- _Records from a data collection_
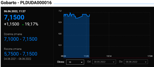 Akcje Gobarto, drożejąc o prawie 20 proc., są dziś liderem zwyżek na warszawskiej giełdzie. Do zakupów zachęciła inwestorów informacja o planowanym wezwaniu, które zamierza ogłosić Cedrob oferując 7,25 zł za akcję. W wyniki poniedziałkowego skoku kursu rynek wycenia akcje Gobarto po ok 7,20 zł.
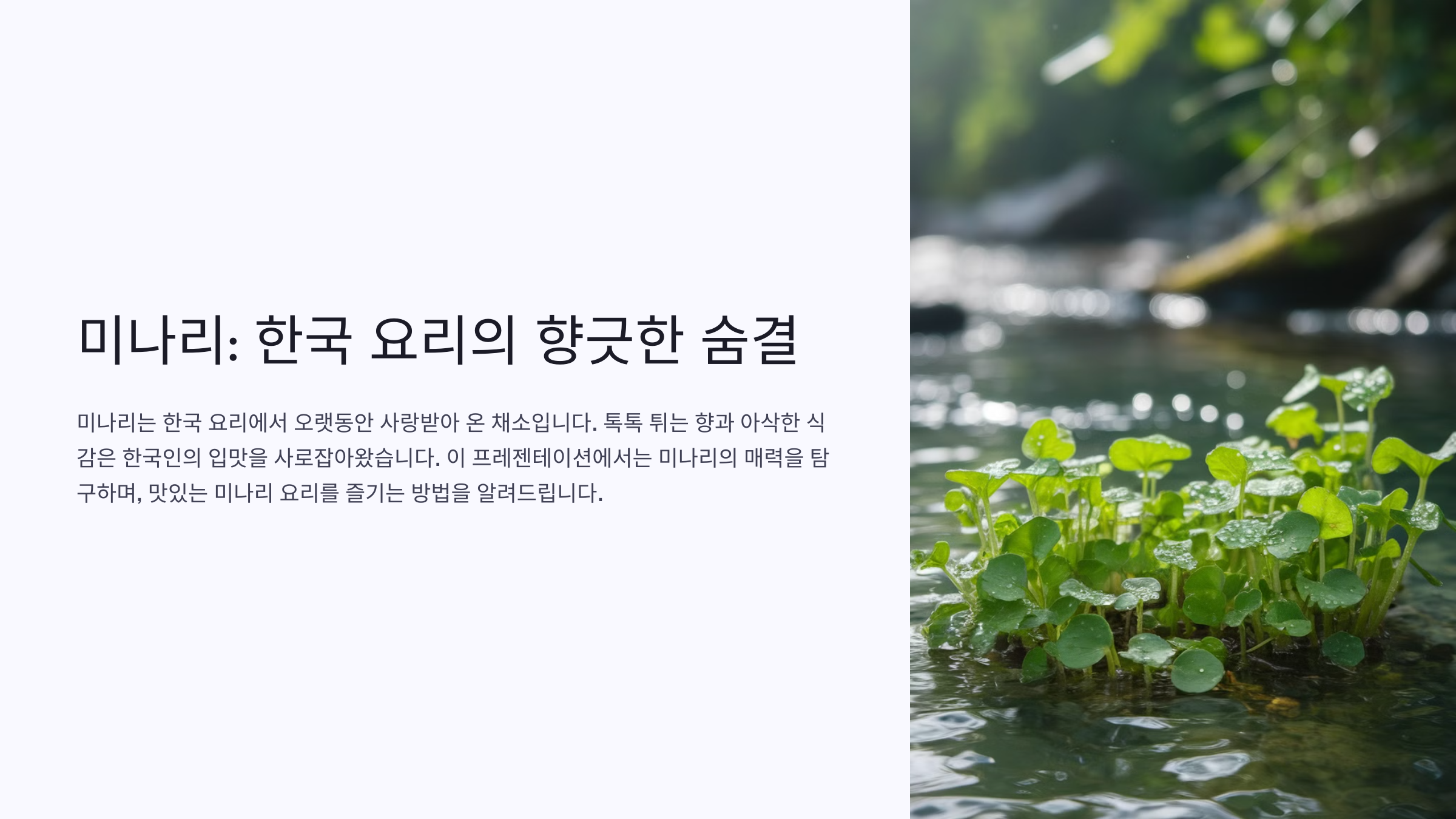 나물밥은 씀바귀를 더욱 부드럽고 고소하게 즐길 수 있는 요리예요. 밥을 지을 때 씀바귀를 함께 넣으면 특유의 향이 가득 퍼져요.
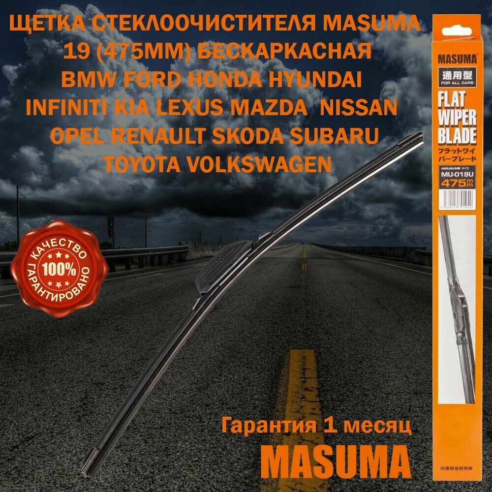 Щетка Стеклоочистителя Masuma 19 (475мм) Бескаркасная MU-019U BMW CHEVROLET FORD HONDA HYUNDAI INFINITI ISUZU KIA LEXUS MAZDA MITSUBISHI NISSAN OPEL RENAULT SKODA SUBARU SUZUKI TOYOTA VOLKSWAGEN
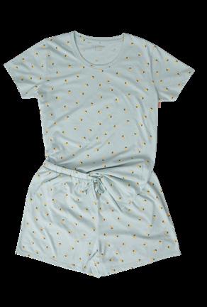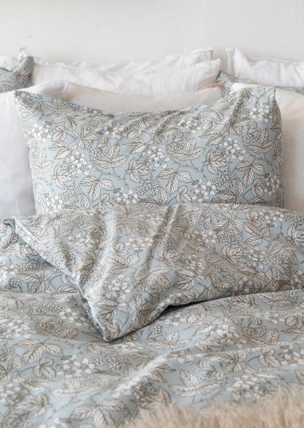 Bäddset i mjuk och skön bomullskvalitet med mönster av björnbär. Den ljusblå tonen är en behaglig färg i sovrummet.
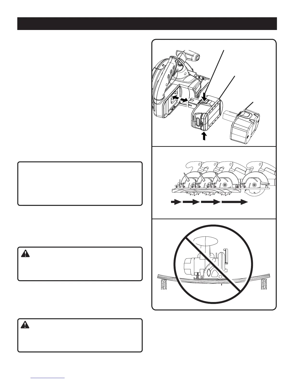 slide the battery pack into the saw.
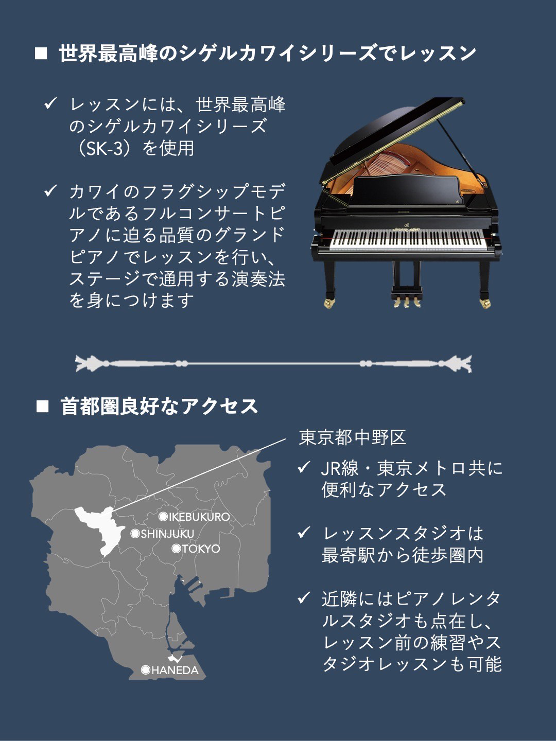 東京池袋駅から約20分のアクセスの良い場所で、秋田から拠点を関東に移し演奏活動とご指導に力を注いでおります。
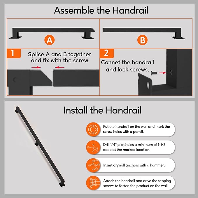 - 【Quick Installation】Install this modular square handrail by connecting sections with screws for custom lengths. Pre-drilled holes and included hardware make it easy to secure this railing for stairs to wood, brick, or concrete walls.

- _WORK TO BE COMPLETED_
Only the lines from the one containing "slide the battery pack into the saw." through the last line of the data belong in the copy, both included and reproduced exactly. Pictures do not.

- _ANSWER AREA_
 slide the battery pack into the saw.
 東京池袋駅から約20分のアクセスの良い場所で、秋田から拠点を関東に移し演奏活動とご指導に力を注いでおります。
 - 【Quick Installation】Install this modular square handrail by connecting sections with screws for custom lengths. Pre-drilled holes and included hardware make it easy to secure this railing for stairs to wood, brick, or concrete walls.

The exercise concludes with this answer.